One factor we see is that a teacher can inadvertently undercut the software. That happened as well in the infamous "Benny Incident" where the teacher neglected to keep an eye on a student's fascinating internal dialogue with a tutoring system. (Shaugnessy, 1973.) The student was indeed bright, the questions were often multiple-choice, and the passing threshold was only 80% so the student was able sail through the automated instruction despite grievous deficits in understanding.

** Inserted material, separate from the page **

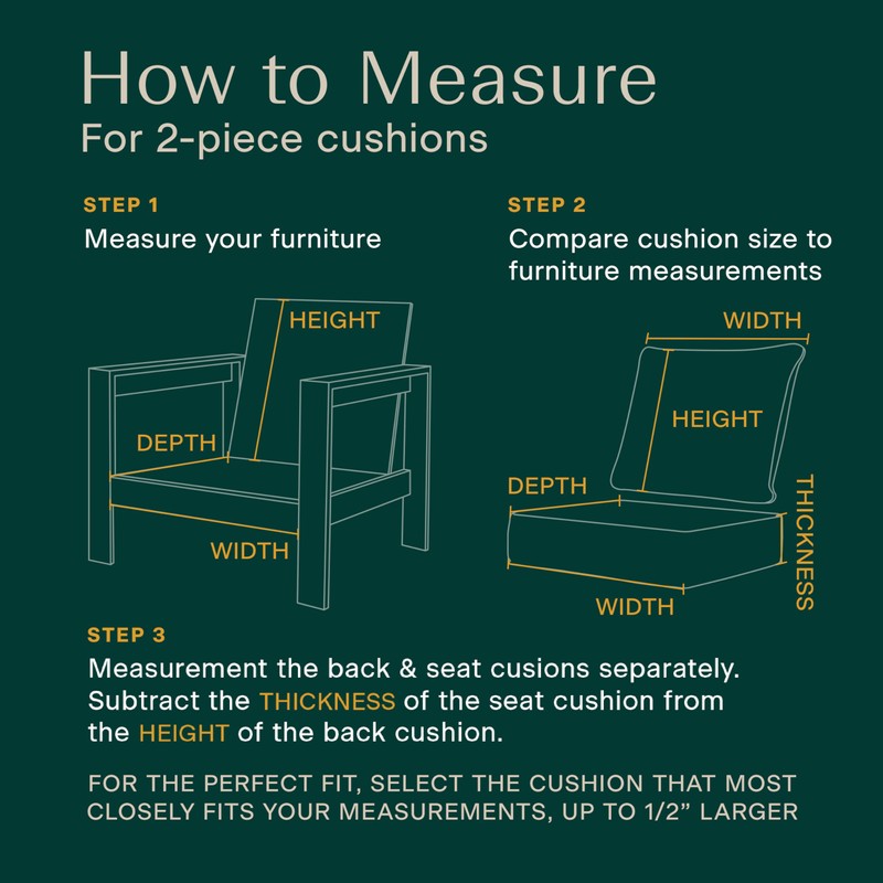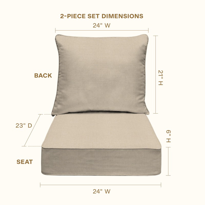 - Universal Fit – Separate seat and back cushions with universal style made to fit most outdoor deep seating and patio conversation chairs. Reversible design allows for use on either side. Seat: 24" W x 23" D; Back: 24" W x 21" H.

So that is the bad sense of gaming. On the good side, new for TA is a so-called "Mission Mode". Here there is no multiple-choice, the standard of success is higher than Benny encountered, the help non-existent, and the tolerance for error nil. But students can try a mission as often as they like, quit a mission going badly any time they like, and even when they fail they get a "Personal Best" certificate if they get that far. So like video game missions, the standard is unbending but the failures are simply stepping stones to eventual success, with progress drawing the student into more and more practice.

Mastery-based.

Last but (not as advertised) not least: a lot of the above boils down to students proceeding at their own pace in what is commonly referred to as the mastery-based model. Bloom felt the mastery model was more important than the private tutoring, perhaps precisely because of the variability of tutor quality documented by Van Lehn. As the DragonBox Algebra results show, over 90% of students could master the game given enough time.

This in turn aligns with what most math educators believe: Algebra is not that hard. I would be interested in whether students who struggled with Algebra before using the software reported a change in attitude in which they changed their assessment of the difficulty of Algebra.

Summary

There is a lot of powerful Algebra software out there, but Algebra failure rates are as bad as ever. Two-year colleges are forced to offer multiple courses even in arithmetic, and the AMATYC has just recommended dropping the Algebra requirement for non-STEM majors, a step already taken by the California college system and elsewhere. So why is all that Algebra software not working, when HwT did back in the 90s?

One easy reason: the only other software I know of that checks intermediate steps is MathSpace. Without step-by-step feedback, most of the wins delineated above disappear.

Other than that we have a good research question: which other elements of HwT were so instrumental in its success? Above are my guesses as to where lies the answer, but it is all anecdotal and seat-of-the-pants. More experience and data on how exactly students and teachers use the software is needed.

I suspect we will find the following:
  • Students report less anxiety.
  • Different students will use different kinds of help (trial and error, video, canned hints, solved examples, and the public forum).
  • Students will do many more problems.
  • Student performance will be better and more uniform, but with a normal distribution of how much practice is needed to achieve that performance.
  • Students will enjoy math in and of itself, as a puzzle.
  • Comparison with adaptive tools will show student agency is more important than precise, automatic throttling of content.